OUR LAST BEST HOPE
America needs something better than a feedback loop for popular resentment. We need a real leader.
America’s elite is arrogant and corrupt, but the state of the American people is just as alarming. America had 90% adult literacy in 1790, when only half of Englishmen and a fifth of Spaniards and Italians could sign their names. We had the best educated, most motivated, and healthiest workforce in the world by an overwhelming margin.
Now Americans aged 16 to 24 rank at the bottom of a 22-country evaluation of numeracy, literacy, and technological problem-solving.
Poor student performance should be no surprise: America’s family structure is falling apart. Nearly 30% of non-Hispanic white children are born out of wedlock, as well as 53% of Hispanics and 73% of African-Americans. When Reagan took office, 18% of all American births were to unmarried mothers. By 2014 the figure was above 40%.

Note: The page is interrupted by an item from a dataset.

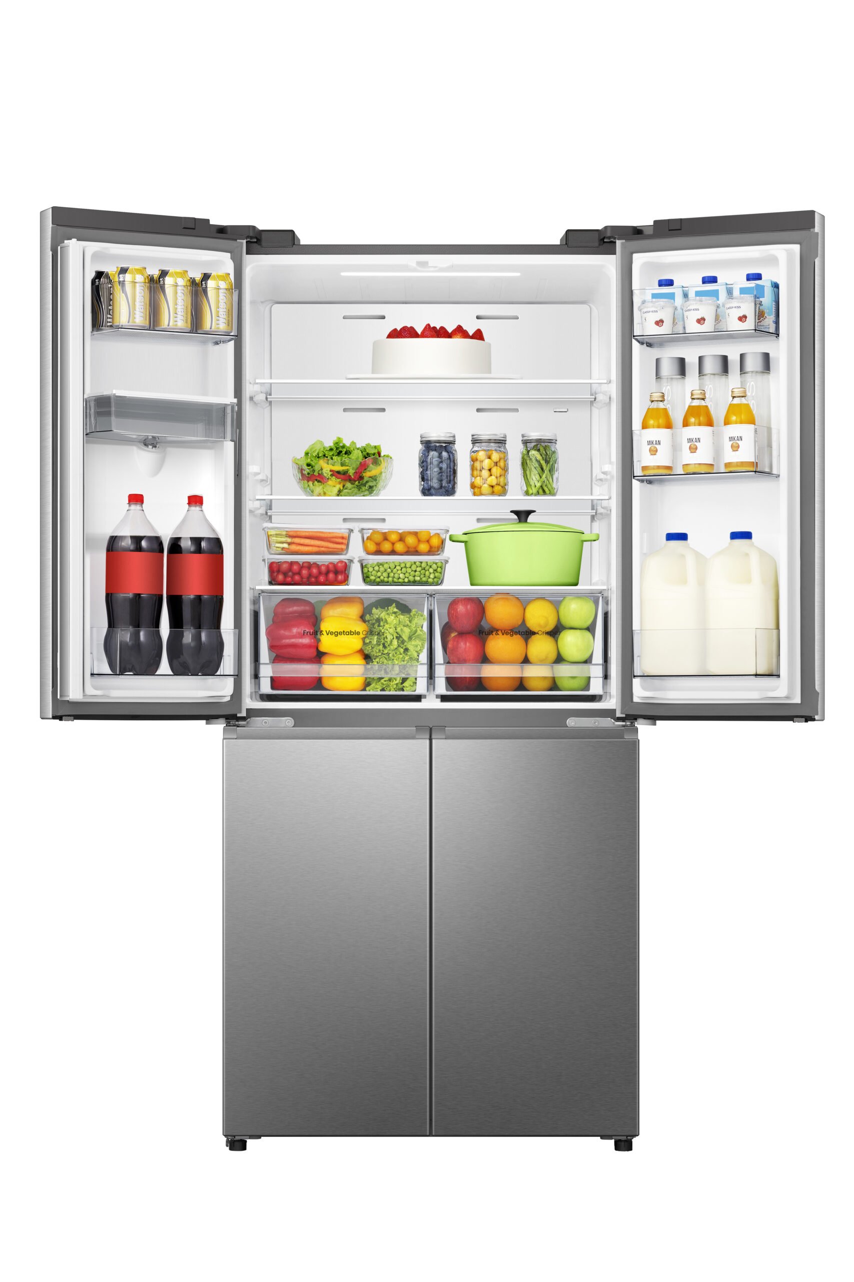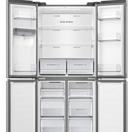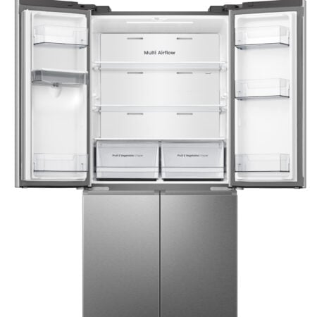 Hisense FMN470W20E. Totale nettocapaciteit: 482 l. Deurscharnieren: Links, Type beeldscherm: LED. Klimaatklasse: SN-T, Geluidsniveau: 37 dB. Nettocapaciteit koelkast: 303 l, No Frost (koelkast), Multi-luchtwegsysteem (koelkast), Koelkast binnenverlichting. Nettocapaciteit vriezer: 179 l, Vriescapaciteit: 8 kg/24u, No Frost (vriezer). Energie-efficiëntieklasse: E, Jaarlijks energieverbruik: 293 kWu. Kleur van het product: Roestvrijstaal

Catch-up ball doesn’t begin to describe our predicament. We need nothing short of a great national turnaround. There are two Republican candidates who made clear from the outset that it isn’t business as usual — Ted Cruz and Donald Trump. Another Romney wouldn’t be relevant.
Our elites, to be sure, have sold us down the river.
There’s unlimited capital for investors to buy foreclosed homes, while half of Americans can’t raise a down payment or qualify for a home mortgage.
The Pentagon and the defense contractors slated a trillion dollars for the F-35, the biggest lemon in the history of military aviation, crowding out every other acquisition program in the military.
Our tech companies have become a conspiracy to suppress innovation, managed by patent trolls instead of engineers.
The financial industry ran the biggest scam in history, the subprime bubble of the 2000s, and the Obama administration hasn’t sent a single miscreant to jail (it just slapped multi-billion dollar fines on the banks’ stockholders, that is, your pension fund or 401k).
The Clintons are a criminal enterprise, as Peter Schweizer showed in his book Clinton Cash.
The foreign policy establishment treated the world like a giant social experiment and wasted blood and treasure to make the world safe for democracy.
The result of all this and more is the most corrupt and cartelized economy in American history.
But as a response, Donald Trump encourages magical thinking. Repeating, “We’re going to make America great again” by kicking out Mexican illegals and repatriating jobs from China is nonsense.
Ted Cruz, by stark contrast, has a brilliant grasp of Constitutional law from his service as Texas’ solicitor general, a granular understanding of business economics from his service at the Federal Trade Commission, and a clear vision of what America should and shouldn’t do in foreign policy.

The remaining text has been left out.